I thought as this is a pretty common topic and I can’t remember any general resources for this sort of thing, so I thought I’d write up a resource on it, and hopefully help make some of my own experience on optimization for the time I have been programming on and off Roblox accessible on the devforum.
Optimization is more general than programming and pretty much is just the process of adjusting something (maybe a math formula, or a program) to minimize or maximize something, for example, the result of the math, or the time it takes for said program to run.
When it comes to programming though, it mainly only ever focuses on reducing the amount of time something takes to compute, or for a program to run, by simplifying it, or taking shortcuts. Another time optimization applies to programming is in memory usage.
How exactly do you optimize code?
In short, there’s not really any one way to optimize code. Optimizing is a lot like programming itself and ties closely with a lot of the skills you learn while learning to program. There’s a lot of ways you might optimize certain things, and, there’s many approaches you can take.
Code simplification (cost complexity)
The most effective (and the most important) kind of optimization is mainly just simplification. Typically the less complex an algorithm is, the faster it will be. Complexity in this case doesn’t really mean how big, or how advanced a program is, but, more so how much of something it requires to do some amount of work. A useful analogy might be energy.
Something requires a lot of energy to move a certain distance. Weight could kind of be like memory complexity, and distance could be like time complexity, and the two end up giving you a rough idea of how expensive your algorithm is. Sometimes you might want to move something that doesn’t weigh much a far distance, or sometimes you might want to move something that ways a lot a short distance, or maybe you want something in between. That all comes down to what you’re trying to do, where, and why, and similarly in programming how you balance time complexity and memory complexity depend on the situation.
Often times, time complexity is more of a concern for many devs, because it has the biggest impact on player’s experiences. Memory usage won’t effect your fun as a player as much as lag might. Memory complexity is also important because it strictly limits what devices your code or game can run on.
This is the basic idea behind what you’ll often here when optimization gets brought up: “big O” and “little o” notation, which is just a way to say how “complex” an algorithm is. This is a useful metric for saying how fast something will be when you use it many times (E.g. how much time it costs, or how much memory it uses). You can read more about these notations in my post discussing them.
Your code is the sum of its parts
One really important detail that is often missed when it comes to complexity is that complexity only measures how things scale. An algorithm that has
O(n^2) time complexity will get slower and slower the more
n is (whatever
n happens to mean) compared to an algorithm which is
O(n), and that means that the
O(n) algorithm is better the bigger
n gets. You can have two algorithms, both
O(n) time complexity, but one might still be significantly faster than the other.
The time it will take for your code to run, and the memory it’ll use really is just the time or memory it takes for each component added together as it executes.
If you want to optimize for speed, and you’re feeling stuck when it comes to reducing the complexity, you can often save big by making certain pieces faster. This often comes up as micro-optimization, where you are trying to save tiny amounts of time in various places to increase speed as much as you possibly can. This isn’t always worth it though!

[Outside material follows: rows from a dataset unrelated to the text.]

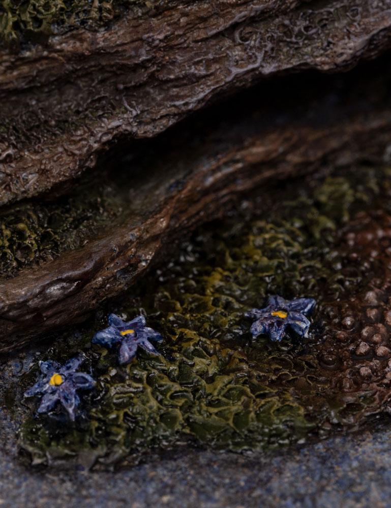 The three different sized circular bases across our 1:6 scale Dark Crystal range represent the Three Suns in the skies of Thra; the dying sun, rose sun, and great sun. Familiar iconography from the floor of the Crystal Chamber are featured around the outside. Spy the symbols of the urSkeks, which have since been appropriated as signs of discord and Skeksis aggression.
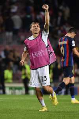 Robin Gosens (Inter) esulta dopo il gol del 3 a 2 Barcellona vs Inter Barcellona (SPA) 12-10-2022 Stadio Camp Nou UEFA Champions League fase a gironi gruppo C - 4a giornata foto Roberto Garavaglia/ag. Aldo Liverani sas / AGENZIA ALDO LIVERANI SAS
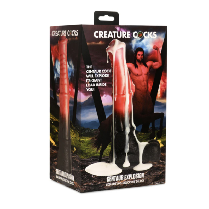 ¡Cumple tus fantasías llenándote de fluidos explosivos y chorreantes con este dildo grueso de centauro! Este grueso pene de centauro es de color melocotón y negro con una cabeza ensanchada.
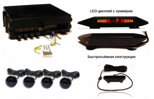 Цветное фронтальное табло индикатора (со встроенным звуковым зуммером) показывает расстояние до препятствия. Звуковой сигнал предупреждает о приближении к опасности, а динамик встроен в табло индикатора. Таким образом, при появлении опасного объекта вы увидите на дисплее индикацию расстояния до него и услышите звуковой сигнал. Звуковые сигналы различаются между собой в зависимости от удаленности препятствия.
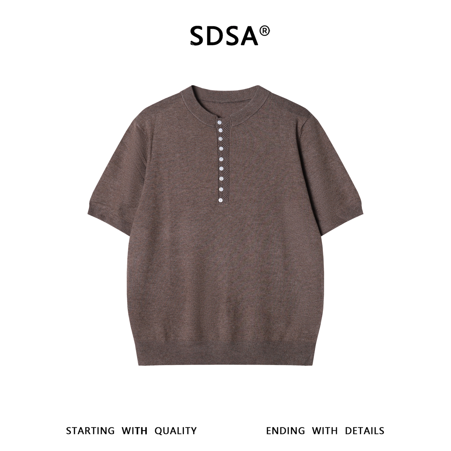 SDSA男装2026新款高贵轻奢美式复古拼接半纽扣短袖T恤休闲时尚潮
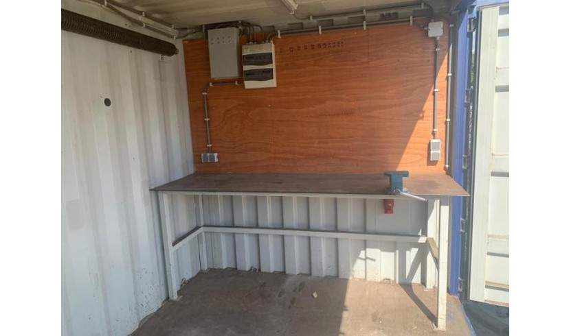 Voorzien van: elektrische verwarming, werkbank met stalen werkblad, bankschroef, groepen kast, 4x wcd 230V, 2x wcd 32A, ledverlichting
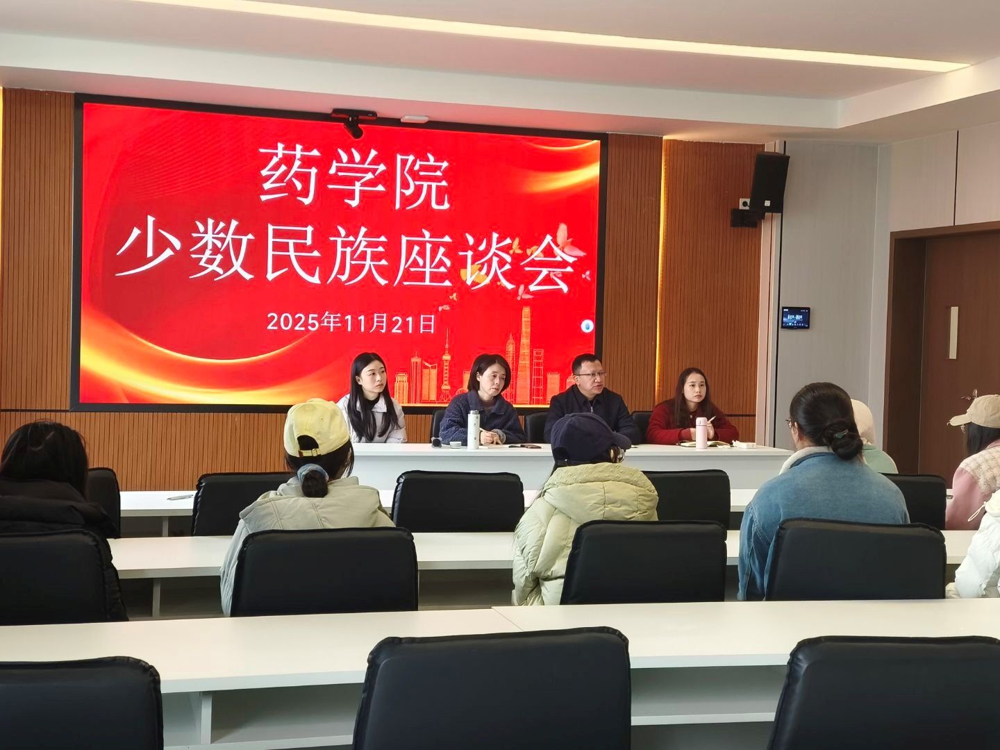 11月21日上午,药学院在松林书院三号楼南103会议室召开少数民族学生座谈会。药学院党总支书记、院长张帆、党总支副书记冯莉苹、学生科辅导员、各年级来自彝族、藏族、维吾尔族等少数民族学生代表共20余人参加了座谈会。
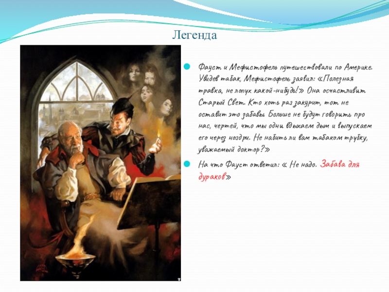 Фауст и Мефистофель путешествовали по Америке. Увидев табак, Мефистофель заявил: «Полезная

Here’s a great analogy for micro-optimization, and also the above method of optimization, reducing the different values in that sum. Let’s say you’re looking to buy something, maybe a new mouse. Maybe you have two stores to pick from. At Store B you might be able to get the exact same mouse for 10 cents cheaper than at Store A. Store B might be a few more minutes away than Store A.
Well now maybe instead you’re a retailer buying that model of mouse. Ignoring the realism, as a retailer you might actually benefit a lot by buying from Store B if you want to buy a lot of mice. If you want to buy 100 mice, you save those 10 cents 100 times compared to Store A, which ends up being a whole 10 dollars.
Micro-optimization works the same way. Usually you’ve gotta go a little out of your way for a micro-optimization, and sometimes they will make your programming experience a little harder, just like how it might take a bit longer to get to Store B. But, the bits of time you save can add up if you are running code with that micro-optimization thousands, or millions of times (just like buying in bulk with those small savings can result in big savings in the end)
Deciding when certain micro-optimizations are worth it mainly comes down to weighing the effort it’ll take, and how it’ll effect your experience (and other people’s experience) working with your code, and how many times your code will benefit from that micro-optimization, such as in 3D voxel terrain, or in flow grids, cases where you’ll be doing many many many iterations at once.
You might save 10 cents on something that costs $2, or you might save 50 cents on something that costs $1.50. Likewise, maybe you save 100 microseconds on something that costs 2 milliseconds, or maybe you save 500 microseconds on something that costs 1.5 milliseconds. Compounding those savings a lot of times ends up potentially saving you a lot in the end.
Saving a few nanoseconds once is often not an effective time to apply micro-optimizations.
Optimization can be complicated, or simple, and, the ways you optimize can be very different depending on the situation. Weighing when you want to use certain optimizations can be hard, but when it comes to micro-optimizations you’re (usually) better off applying them when you will save those small amounts of time a lot for the effort.